A so-called “no doc” mortgage is a way to get a home mortgage without revealing very much about your financial circumstances. You don’t have to provide a lot of documents, thus “no doc.” You do have to pay more to get the loan, however.
Most people applying for a conventional mortgage lead uninteresting financial lives in which they get a regular paycheck and have savings accounts and retirement plans. Most people don’t mind telling all about their financial condition to a lender if it will help them get a mortgage. But not everybody fits this stereotype.
What if you are a business owner who has an income that goes wildly up and down with the business cycle?
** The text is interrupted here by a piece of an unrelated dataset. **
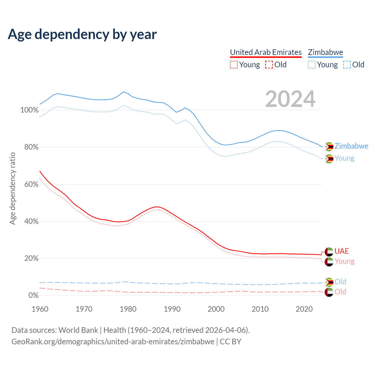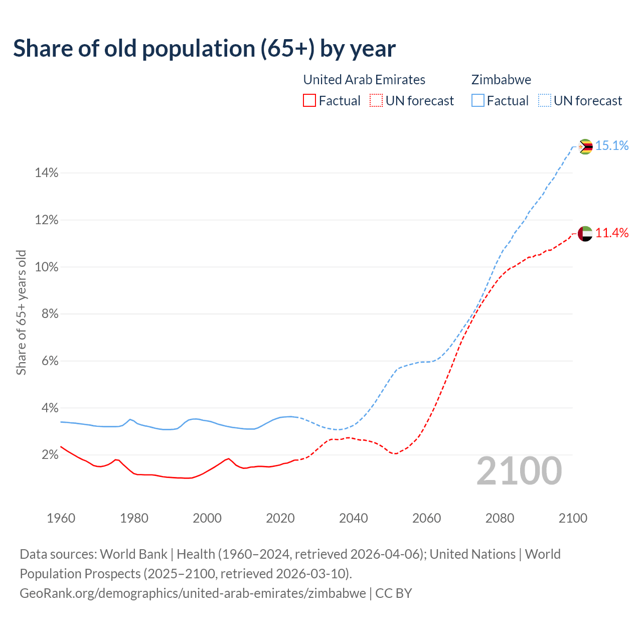 The share of older people aged 65 and over is 1.77% in the United Arab Emirates and 3.6% in Zimbabwe. Life expectancy in the United Arab Emirates compared to Zimbabwe .

You may not want to tell your local banker all about your business, and even if you did, it might not help you to qualify for a mortgage if the income is too volatile. What if you are a vendor who takes in all his income in cash and thus have no paycheck to show? What if your financial circumstances are complicated or personal (possibly involving investments, trust accounts, or structured settlements) and you don’t wish to go into all this complicated detail? What if you make your money from illegal activities? If you are one of these, you might be a candidate for a no doc mortgage, even if it costs more interest. To some people, the privacy is worth the extra cost.
Although the no doc and its cousin the “low doc” mortgage require less documentation than normal, there will be some documentation such as a credit report or property appraisal. Borrowers may also be asked to make a larger than normal down payment.